Sometimes the natives build a house strong enough to last during the whole winter, and large enough to hold seven or eight people. They make it in the shape of a bee-hive.
Their reason for moving about continually, is that they may get food. They look for it, wherever they go, digging up roots, and grubbing up grubs, and searching the hollows of the trees for opossums. (Of these strange animals more shall soon be mentioned.)
The women are the most ill-treated creatures in the world. The men beat them on their heads whenever they please, and cover them with bruises. A gentleman once saw a poor black woman crying bitterly. When he asked her what was the matter, she told him that her husband was going to beat her for having broken his pipe. The gentleman went to the husband, and entreated him to forgive his “gin” (for that is the name for a wife or woman). But the man declared he would not forgive her, unless a new pipe was given to him. The gentleman could not promise one to the black man, as there were no pipes to be had in that place. The next morning the poor gin appeared with a broken arm, her cruel husband having beaten her with a thick stick.

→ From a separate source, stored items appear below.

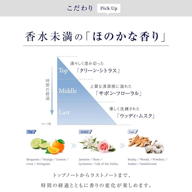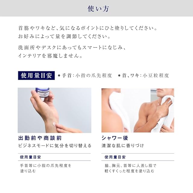 数量限定の香り。なくなり次第終了。<br>香りを練り込んだバーム状のフレグランスで香水ほど主張しない、ほのかな香りを長時間キープ。ビジネスシーンも邪魔しません。<br>爽やかな透明感の奥に穏やかさが宿る「クリア・リネン」の香り。<br><br>Point1<br>香水未満の「ほのかな香り」が長時間持続<br>爽やかな透明感の奥に穏やかさが宿る「クリア・リネン」の香り。トップノートからラストノートまで、時間の経過とともに香りの変化が楽しめます。<br><br>Point2<br>バーム状で程よく香る<br>バーム状のため、つける分量を調整しやすく、香水ほど過剰に香る心配がありません。香りが飛びにくく、長時間持続するのも特徴です。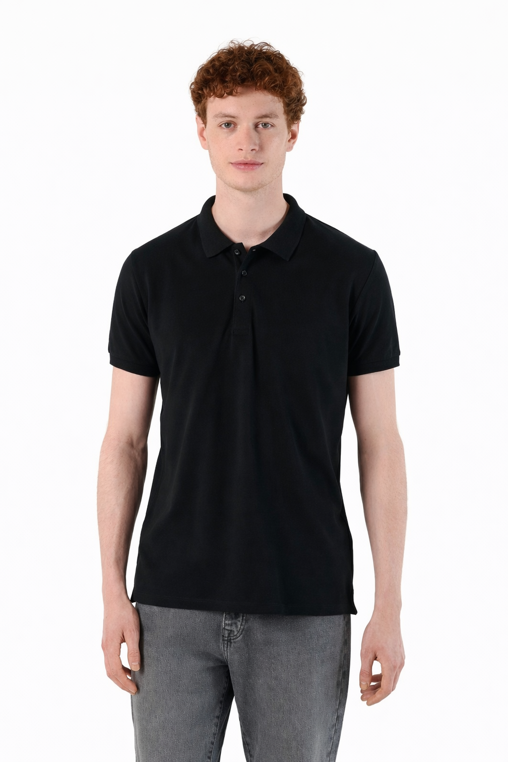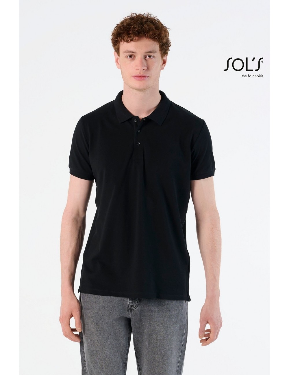Με κοντά μανίκια πικέ 220 γρ - 95% ringspun βαμβάκι πενιέ - 5% ελαστίνη εφαρμοστή γραμμή, πατιλέτα με δύο κουμπιά στο ίδιο χρώμα, πλαϊνές σχισμές, πλαϊνές ραφές, ριπ γιακά και μανίκια και φακαρόλα στο λαιμό.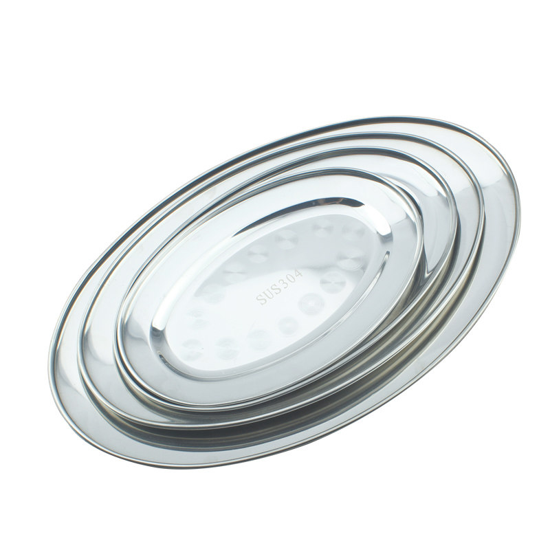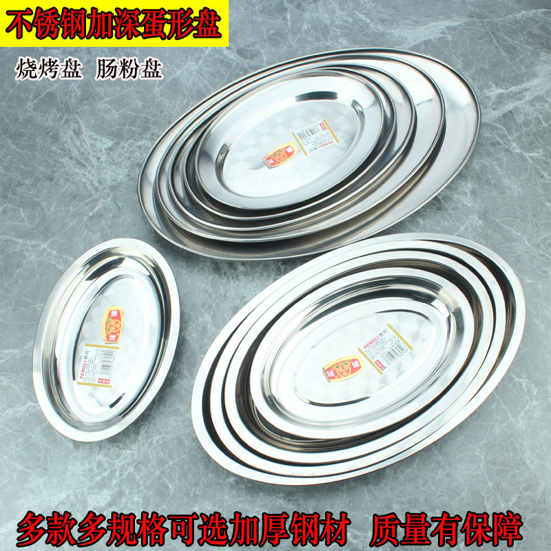 不锈钢椭圆盘肠粉盘蛋形盘加深鱼盘商用烧烤盘地摊火锅自助小菜碟
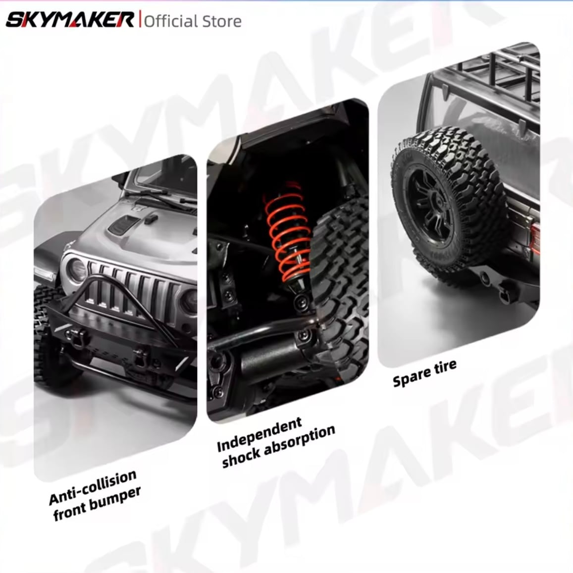 本体に加え、CNC精密加工の金属製ドライブシャフトと高性能油圧ショックアブソーバーを標準装備。走破性・耐久性・操作性が格段に向上したプレミアムモデルです。

The miserable gins are not beaten only; they are half starved; for their husbands will give them no food, and they—poor things—cannot fish or hunt, or shoot; they have nothing but the roots they dig up, and the grubs, and lizards, and snakes they find on the ground. Their looks show how wretchedly they fare; for while the men are often strong and tall, the women are generally thin, and bent, and haggard.
Yet the woman, weak as she is, carries all the baggage, not only the babe slung upon her back, but the bag of food, and even her husband’s gun and pipe; while the man stalks along in his pride, with nothing but his spear in his hand, or at most a light basket upon his arm; for he considers his wife as his beast of burden. At night the woman has to build her own shelter, for the man thinks it quite enough to build one for himself.
Such is the hard lot of a native woman, while she lives; and when she dies, her body is perched in a tree, as not worth the trouble of burying.
I have already told you, that the natives have no GOD; yet they have a DEVIL, whom they call Yakoo, or debbil-debbil. Of him they are always afraid, for they fancy he goes about devouring children. When any one dies, they say, “Yakoo took him.” How different from those happy Christians who can say of their dead, “God took them!”